[To do]
Exclude all pictures. Then restate, word for word, the entries from the first line through the line that contains "For most properties, fascia".

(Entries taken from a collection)
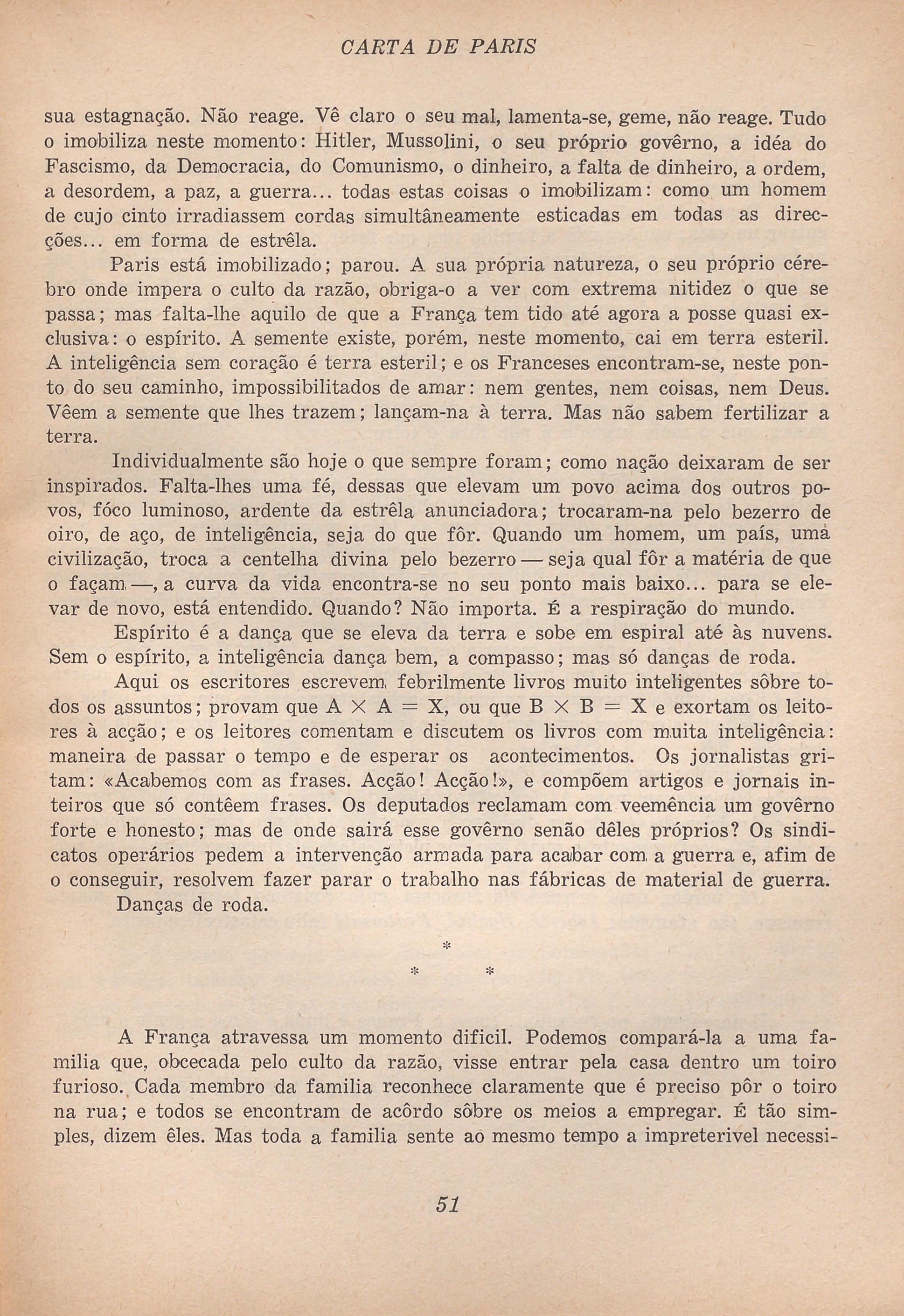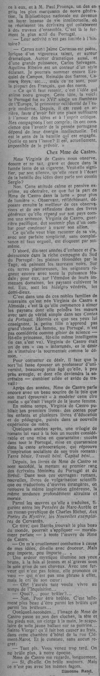 Na minha qualidade de delegada de Portugal junto do Instituto Internacional de Cooperação Intellectual, acabo de assistir a todas as cerimónias e festas da inauguração do Instituto, que tomem aqui em Paris, como convinha a cidade tão civilizada e consciente, as proporções de um importante e solenne acontecimento internacional.
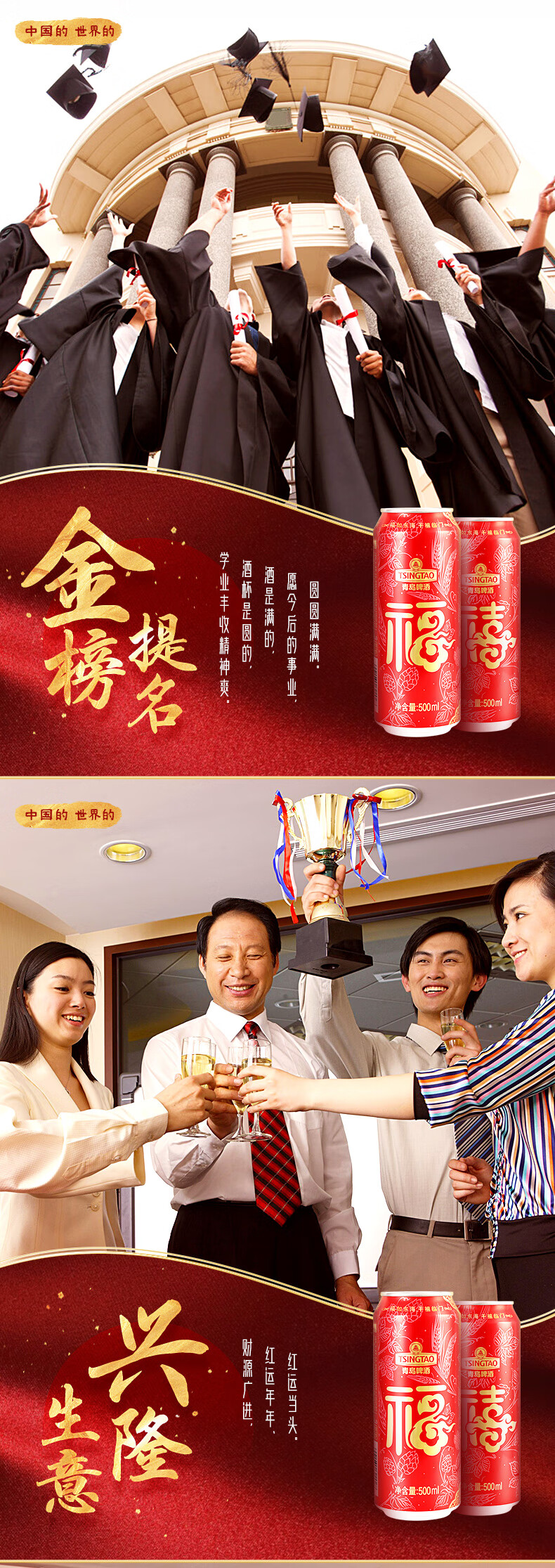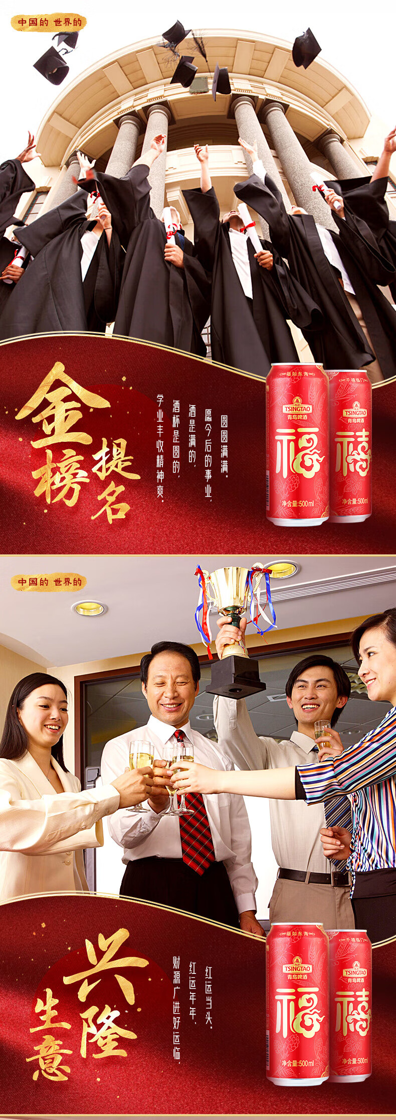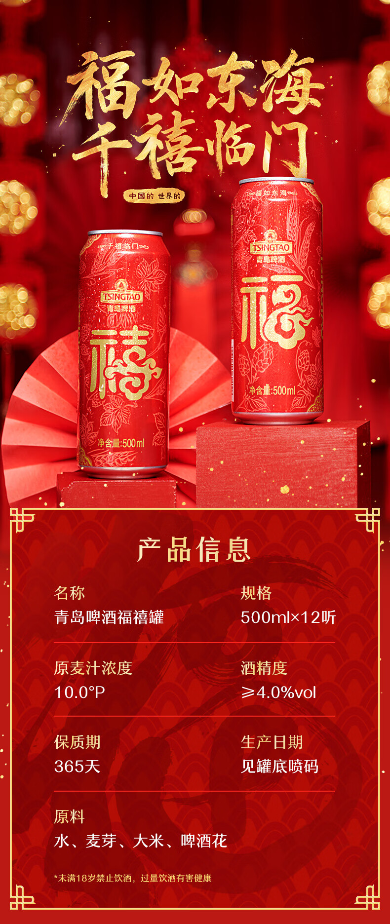 青岛啤酒 福禧双至原麦汁浓度10°P喜庆祝福听整箱装 500mL 12罐
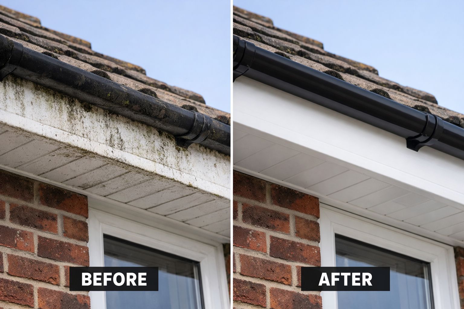 For most properties, fascia and soffit cleaning is recommended every 1–2 years, depending on location and exposure to the elements. Homes near trees, busy roads, or areas prone to damp conditions may require more frequent cleaning due to faster algae and dirt build-up.
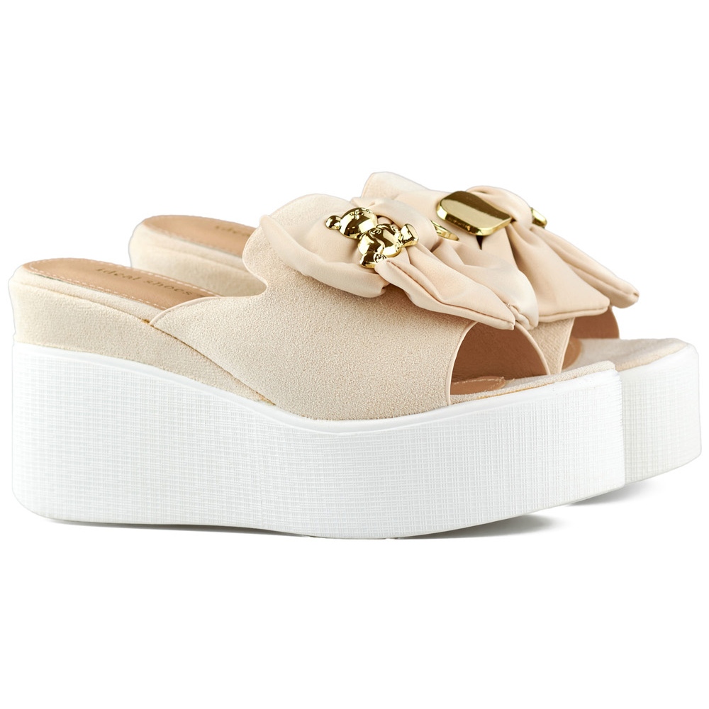 Descubra os chinelos femininos de bege exclusivos com um ursinho de pelúcia e um arco na cunha, que se tornará um must-have em seu guarda-roupa de verão! Esses chinelos elegantes de uma marca respeitável, feitos de camurça ecológica de alta qualidade, combinam estilo e conforto, perfeitamente adequados para todos os dias.
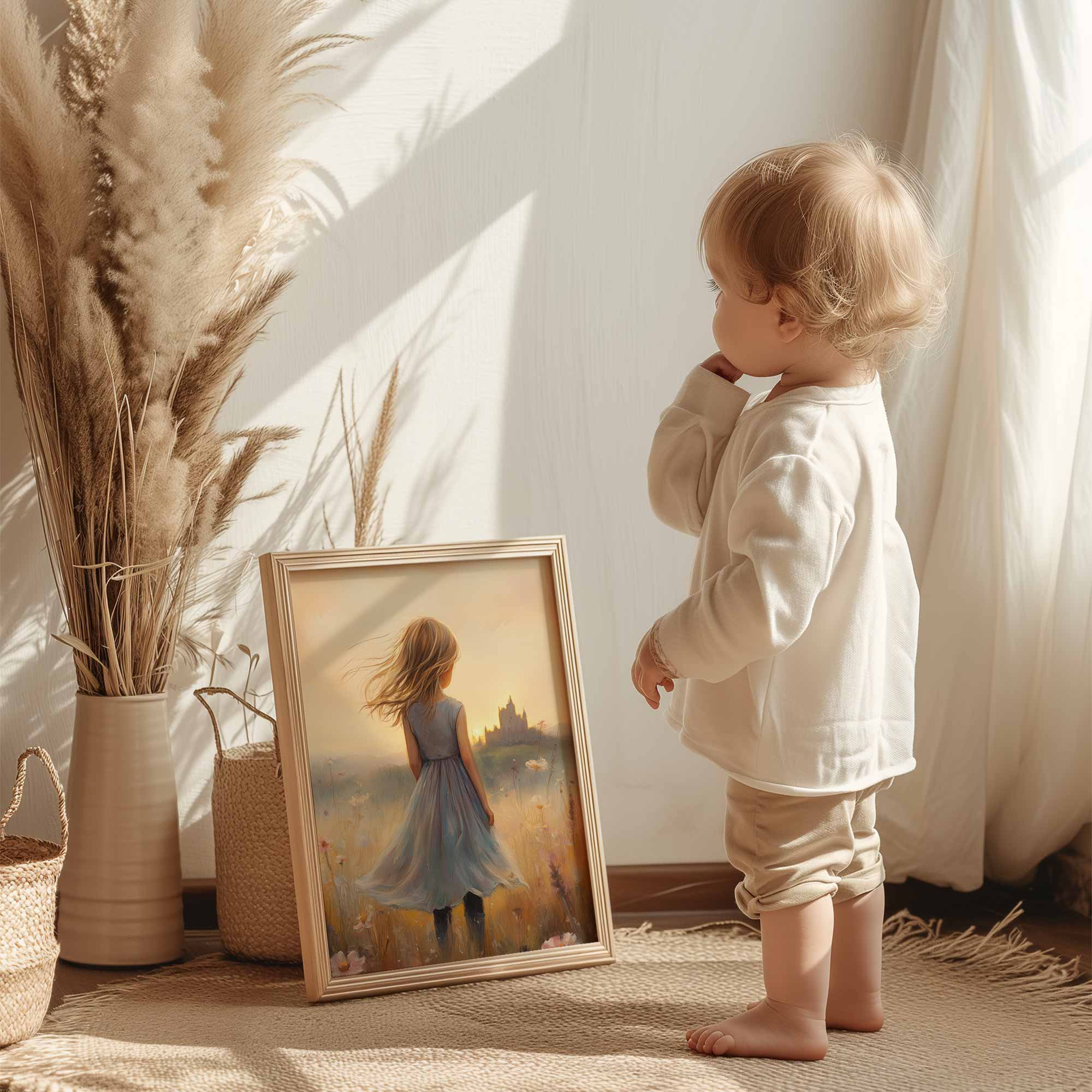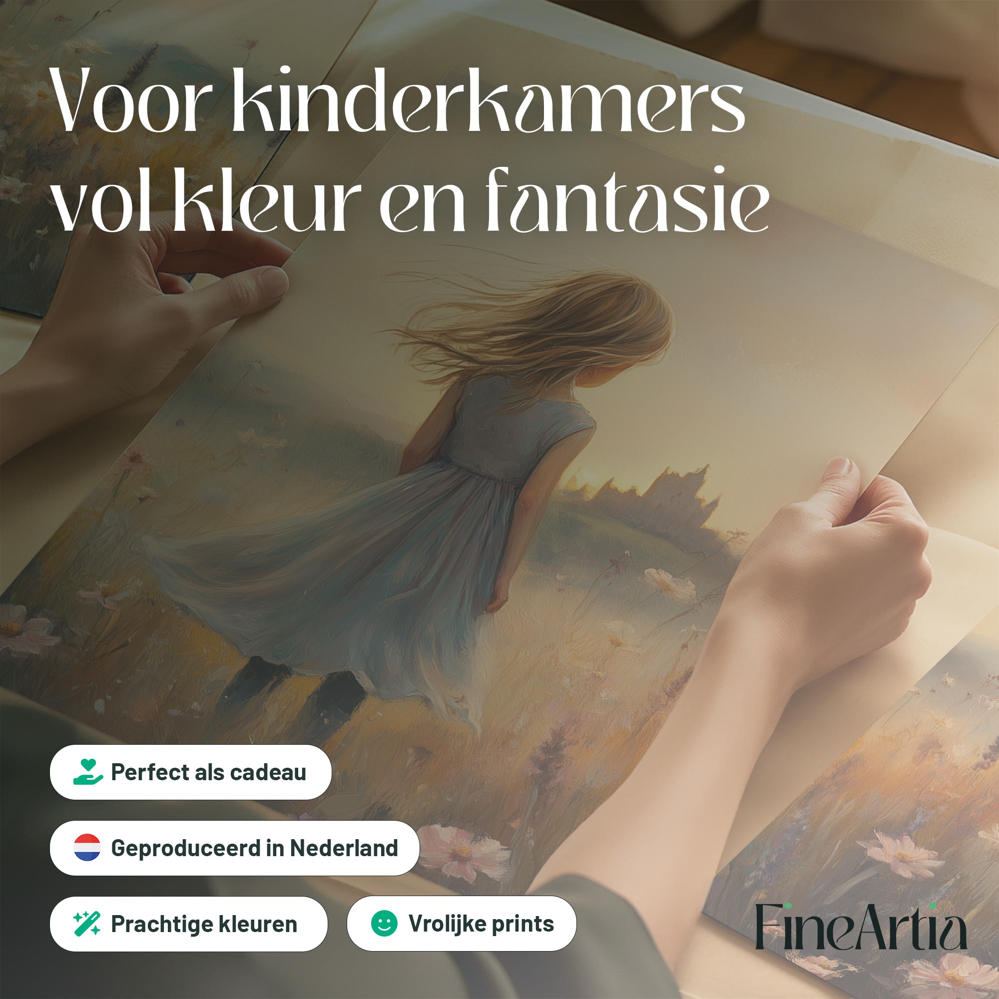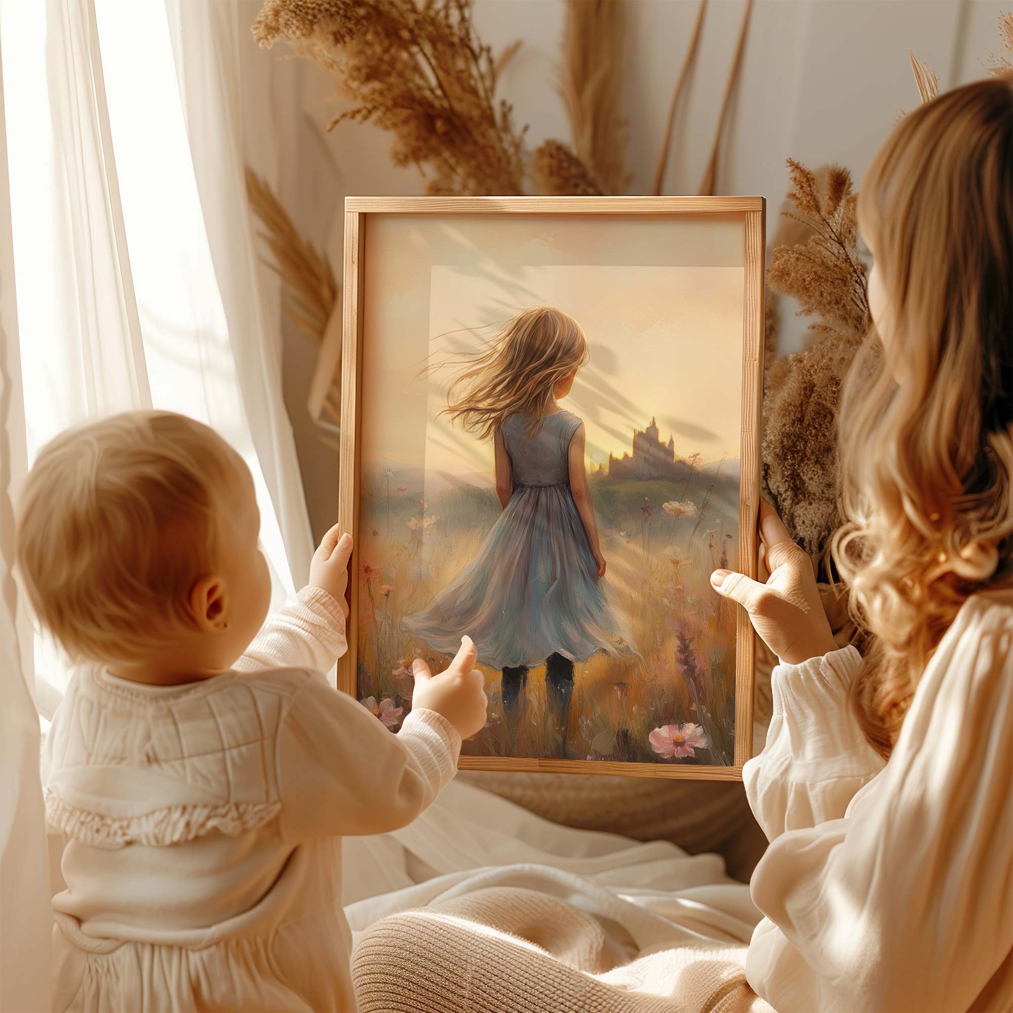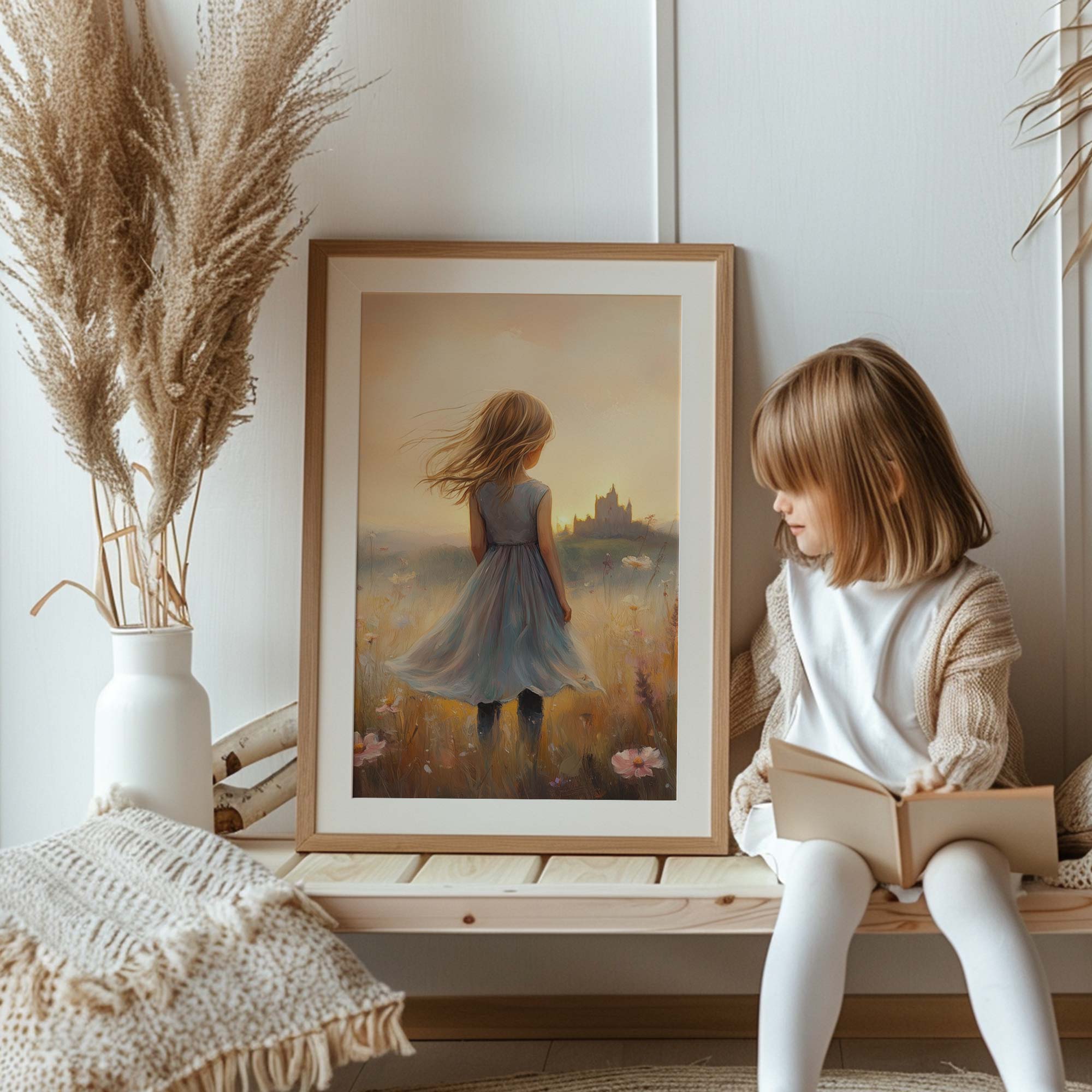 Terug naar collectie Posters Magisch Meisje in Dromerig Bloemenveld met Kasteel

[Answer space]
 Na minha qualidade de delegada de Portugal junto do Instituto Internacional de Cooperação Intellectual, acabo de assistir a todas as cerimónias e festas da inauguração do Instituto, que tomem aqui em Paris, como convinha a cidade tão civilizada e consciente, as proporções de um importante e solenne acontecimento internacional.
 青岛啤酒 福禧双至原麦汁浓度10°P喜庆祝福听整箱装 500mL 12罐
 For most properties, fascia and soffit cleaning is recommended every 1–2 years, depending on location and exposure to the elements. Homes near trees, busy roads, or areas prone to damp conditions may require more frequent cleaning due to faster algae and dirt build-up.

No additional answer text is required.